Из этого слишком длинного для такой простой истории предисловия, каковое звучит как извинение, можно с полным правом заключить, что я сам в точности не знаю, с чего мне начать. Фактически у меня есть выбор: приступить к сюжету с одной из трех сторон: с одной молодой женщины, с картины художника Карла Хофера и с одного моего юношеского стихотворения, от которого сегодня я мог бы со спокойной душой отречься ввиду его полной ничтожности. Нет, однако, никакого сомнения в том, что самое важное на свете — это живой человек, и поэтому в центре повествования должна находиться та молодая женщина.
Ее звали Доротея.
Уже само ее имя, если я переведу его как «божий дар», соблазняет меня на тщетные размышления о том, случайно ли это. Если вы выслушаете мой рассказ до конца, то будете вынуждены вслед за мной признать, что невозможно придумать для нее более подходящего имени, чем имя, данное ей при рождении. Да простит мне читатель это новое отступление.
Я познакомился с ней в феврале 1947 года и одновременно узнал ее историю. То, что я, возможно, сам того не зная, пережил эту историю раньше, — это другой вопрос, на который я не могу с уверенностью ответить ни утвердительно, ни отрицательно.
О той ужасной зиме 1946–1947 гг. сегодня невозможно говорить.
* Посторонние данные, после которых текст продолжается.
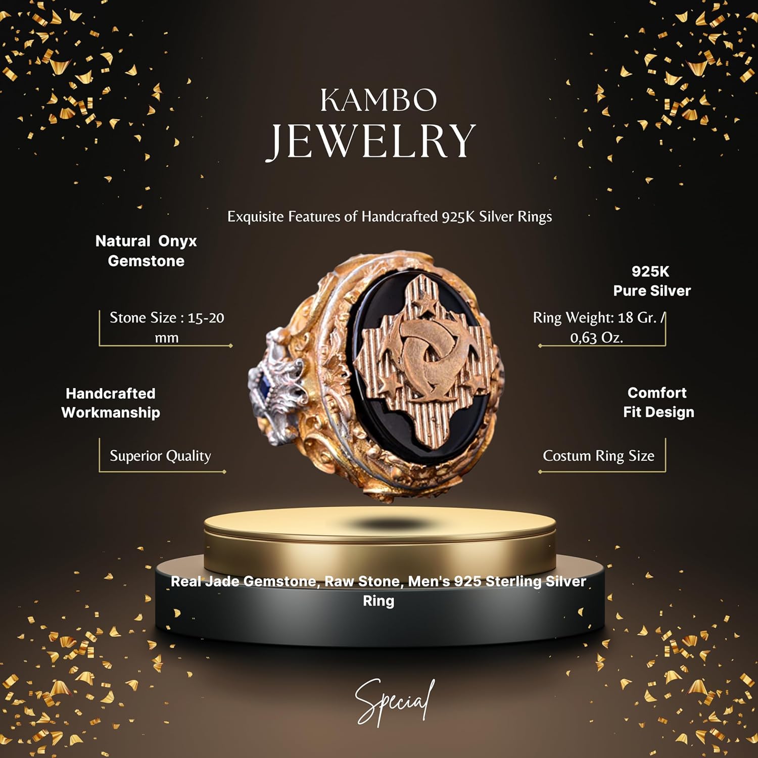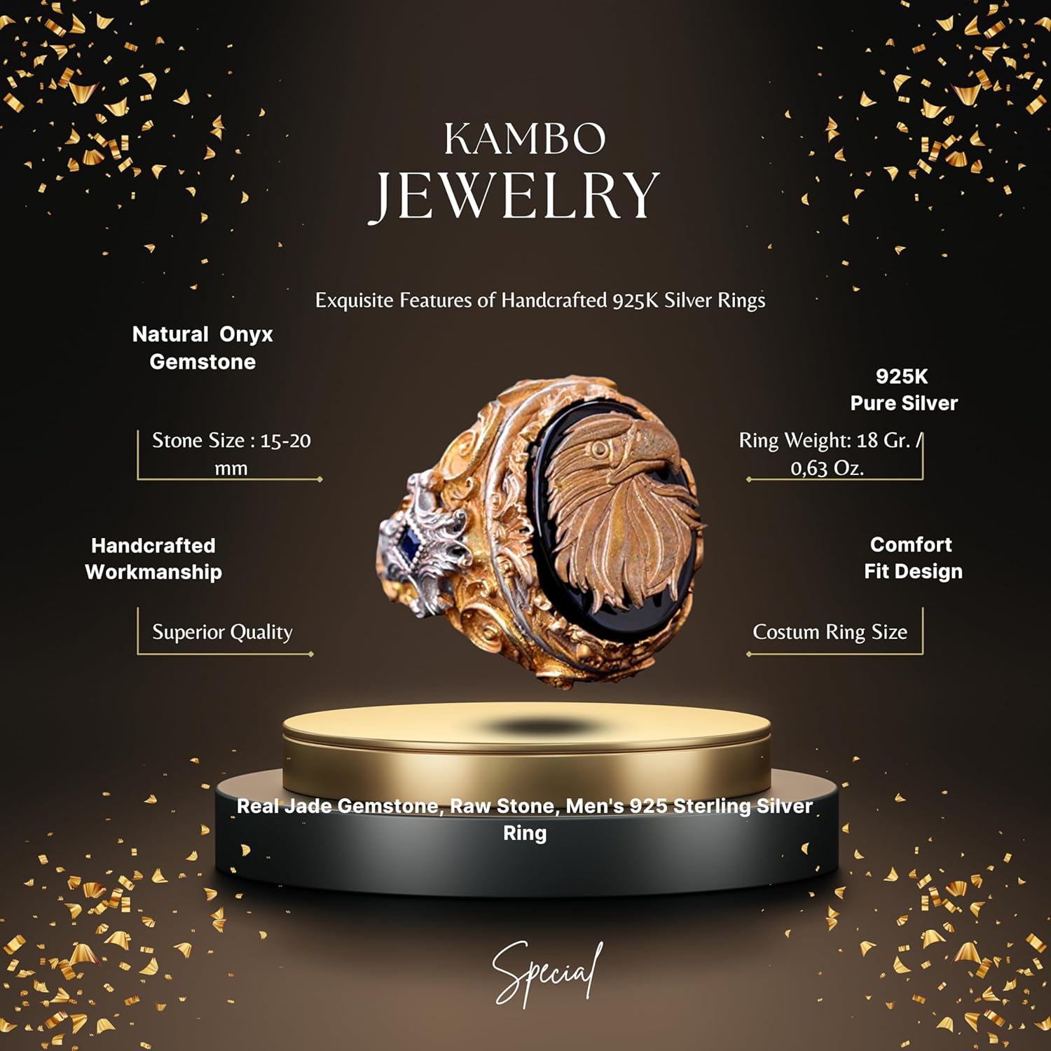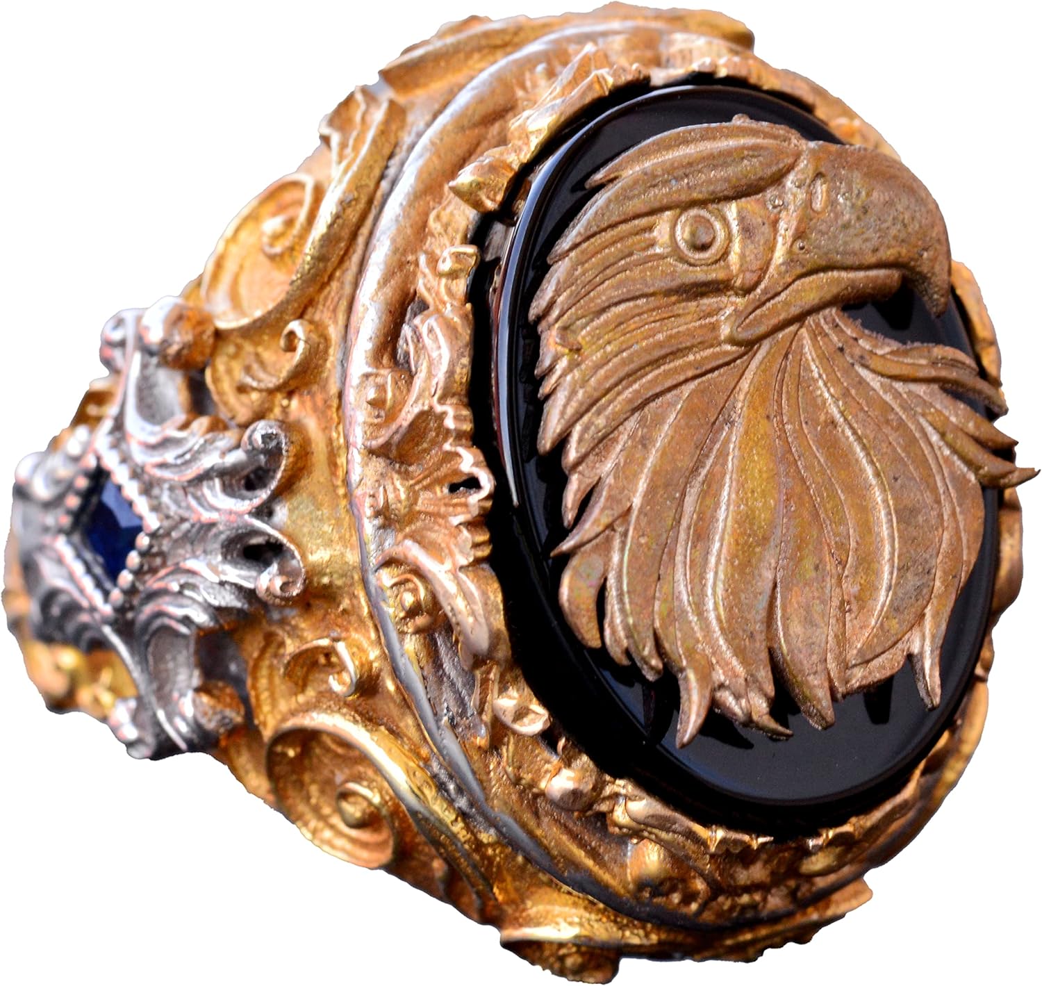 El Yapımı Oniks Yüzük - 925 Ayar Katı Sterlin Gümüş Erkek Altın Kaplama Yüzük (Kartal)

Вероятно, будет лучше, если мы — пережившие ту зиму — умолчим о ней совершенно, чтобы не внушать другим страх перед будущим и возможным повторением. Дело дошло до того, что мы, когда уже наступало раннее лето с его теплом и сочной зеленью, не верили в его приход и считали себя проклятыми, которым, для усугубления их мук, придется стоять в дверях ада и издали взирать на буйство мая.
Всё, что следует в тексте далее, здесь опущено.